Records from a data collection
○ ○ ○ ○ ○
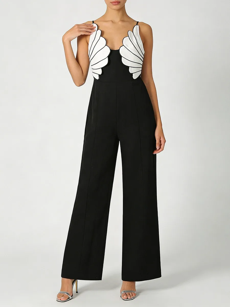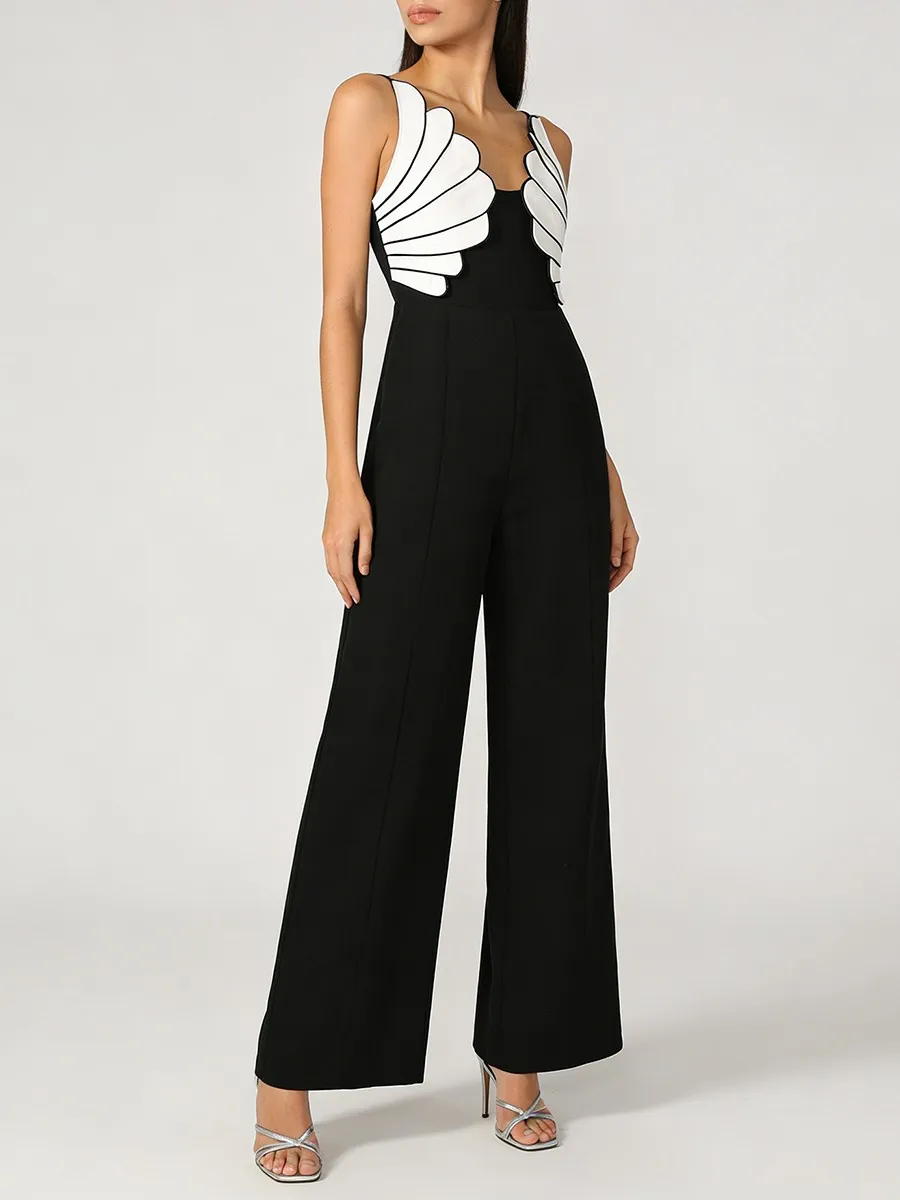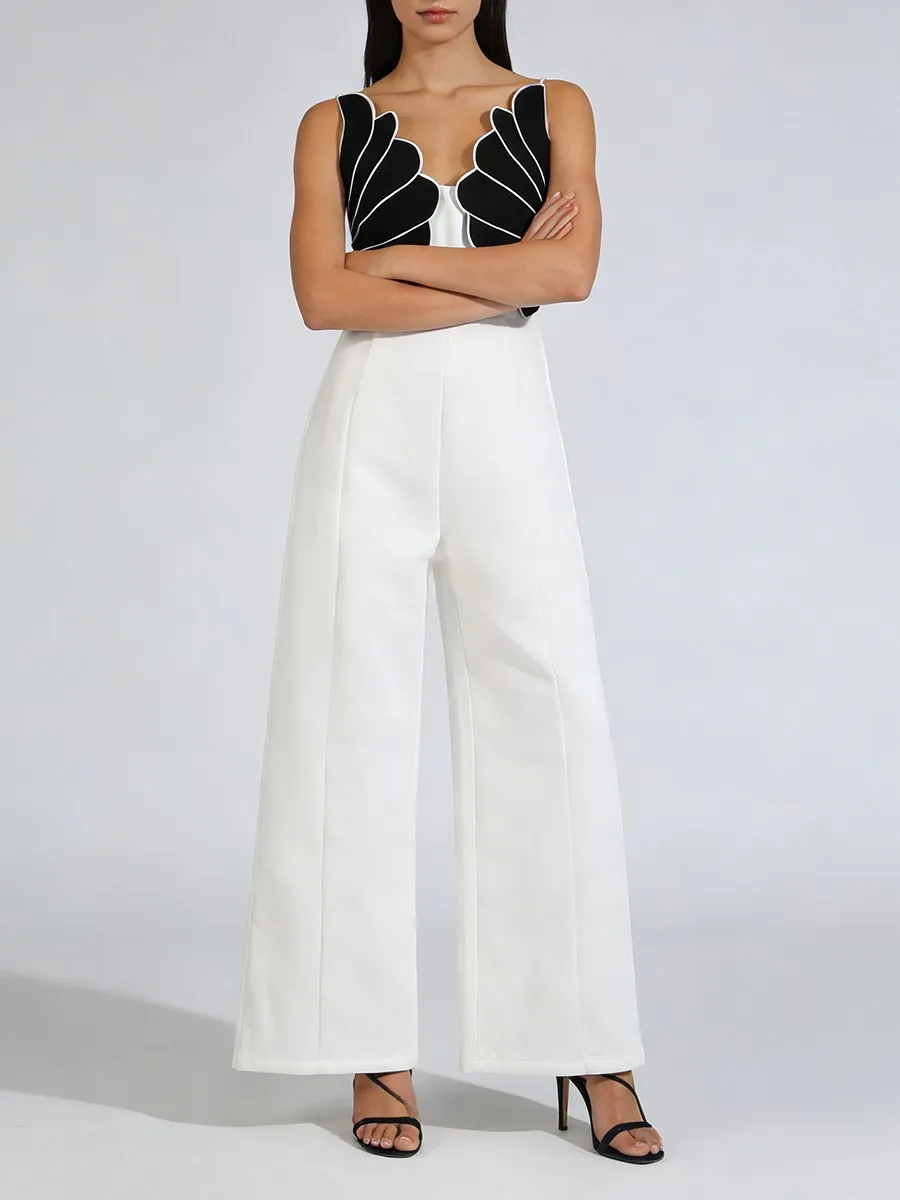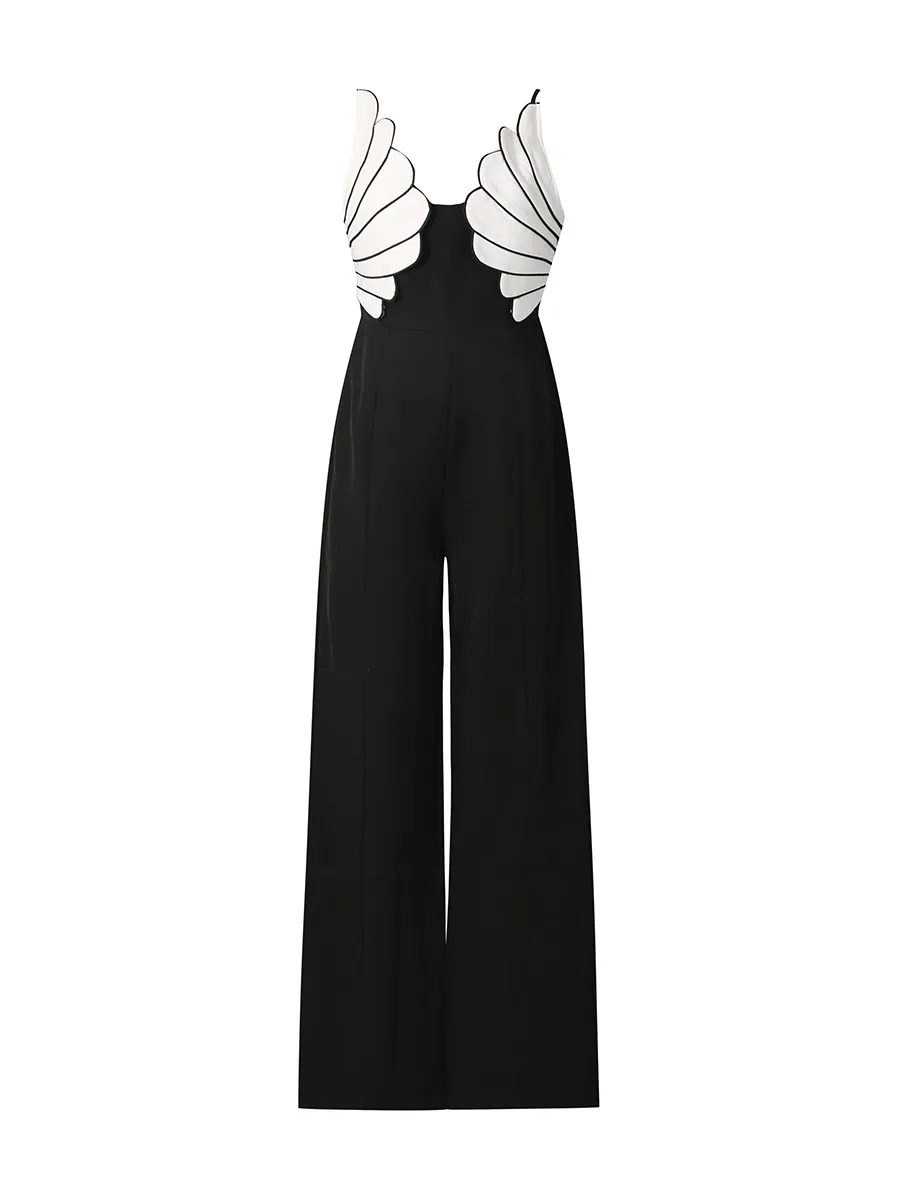TWOTWINSTYLE Hit Color Spliced Appliques Fashion Jumpsuit for Women V Neck Sleeveless High Waist Casual Jumpsuits Female Clothes
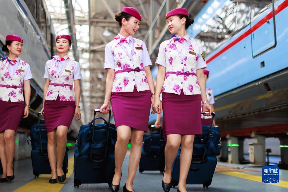 8月7日,擔任首發(fā)列車(chē)值乘工作的乘務(wù)員在貴陽(yáng)亮相。
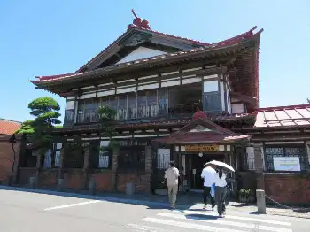その後は同駅から津軽鉄道に乗り、金木駅から徒歩約7分の太宰治記念館「斜陽館」(入館料600円)=(電)同(53)2020=を見学した。文豪・太宰治の生家で、19室もの部屋、庭園、米蔵などがある、入母屋造りの豪邸。明治時代の大地主で父の津島源右衛門が建築したもので、ヒバ材を使用。1950年(昭25)から96年(平8)まで、旅館として利用されていたという。館内の蔵には着用していたマントや直筆原稿などが展示され、太宰をしのぶことができるが、本人はこの家を著書に「風情も何もない、ただ大きいのである」などと書いている。
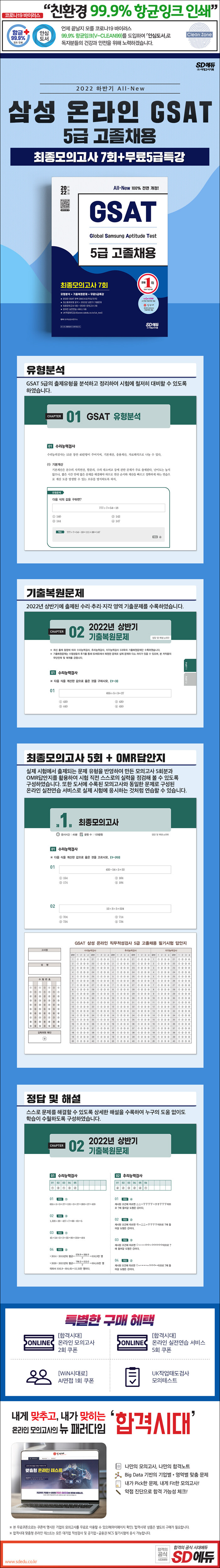 2022년 삼성 채용을 위한 온라인 모의고사 영역에 완벽 대비할 수 있도록 수리/추리/지각 영역으로 구성하였다. 2022년 상반기 최신기출문제를 복원 및 수록하여 최근 출제경향을 한눈에 파악할 수 있게 하였으며 최근 기출문제를 연구하여 구성한 최종모의고사 5회분과 OMR답안지를 제공하여 실제 시험과 같이 연습이 가능하도록 하였다. 마지막으로 영역별로 학습할 수 있는 무료 온라인 강의를 제공하여 학습에 도움이 될 수 있도록 하였다.
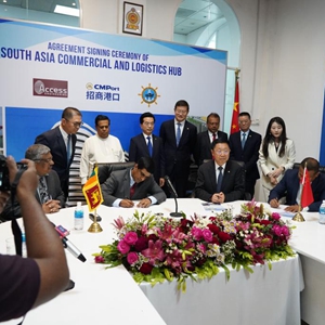 中國招商局港口控股有限公司、斯里蘭卡港務局和當?shù)匾黄髽I(yè)21日在科倫坡正式簽署南亞商貿(mào)物流中心項目協(xié)議,共建南亞區(qū)域現(xiàn)代化多功能物流中心。南亞商貿(mào)物流中心項目位于科倫坡港內(nèi),總投資3.92億美元,是按“建設-運營-移交”模式投資開發(fā)的臨港多層倉儲物流項目,將開展進出口拆裝箱、保稅倉儲、自由港業(yè)務、倉庫租賃和臨港商貿(mào)物流等業(yè)務。項目合作方已在斯里蘭卡注冊成立合資公司。
○ ○ ○ ○ ○
◆ **Problem to solve**
The answer must reproduce every line of the records above exactly, with all pictures left out.

◆ **Solution to the problem**
TWOTWINSTYLE Hit Color Spliced Appliques Fashion Jumpsuit for Women V Neck Sleeveless High Waist Casual Jumpsuits Female Clothes
 8月7日,擔任首發(fā)列車(chē)值乘工作的乘務(wù)員在貴陽(yáng)亮相。
その後は同駅から津軽鉄道に乗り、金木駅から徒歩約7分の太宰治記念館「斜陽館」(入館料600円)=(電)同(53)2020=を見学した。文豪・太宰治の生家で、19室もの部屋、庭園、米蔵などがある、入母屋造りの豪邸。明治時代の大地主で父の津島源右衛門が建築したもので、ヒバ材を使用。1950年(昭25)から96年(平8)まで、旅館として利用されていたという。館内の蔵には着用していたマントや直筆原稿などが展示され、太宰をしのぶことができるが、本人はこの家を著書に「風情も何もない、ただ大きいのである」などと書いている。
 2022년 삼성 채용을 위한 온라인 모의고사 영역에 완벽 대비할 수 있도록 수리/추리/지각 영역으로 구성하였다. 2022년 상반기 최신기출문제를 복원 및 수록하여 최근 출제경향을 한눈에 파악할 수 있게 하였으며 최근 기출문제를 연구하여 구성한 최종모의고사 5회분과 OMR답안지를 제공하여 실제 시험과 같이 연습이 가능하도록 하였다. 마지막으로 영역별로 학습할 수 있는 무료 온라인 강의를 제공하여 학습에 도움이 될 수 있도록 하였다.
 中國招商局港口控股有限公司、斯里蘭卡港務局和當?shù)匾黄髽I(yè)21日在科倫坡正式簽署南亞商貿(mào)物流中心項目協(xié)議,共建南亞區(qū)域現(xiàn)代化多功能物流中心。南亞商貿(mào)物流中心項目位于科倫坡港內(nèi),總投資3.92億美元,是按“建設-運營-移交”模式投資開發(fā)的臨港多層倉儲物流項目,將開展進出口拆裝箱、保稅倉儲、自由港業(yè)務、倉庫租賃和臨港商貿(mào)物流等業(yè)務。項目合作方已在斯里蘭卡注冊成立合資公司。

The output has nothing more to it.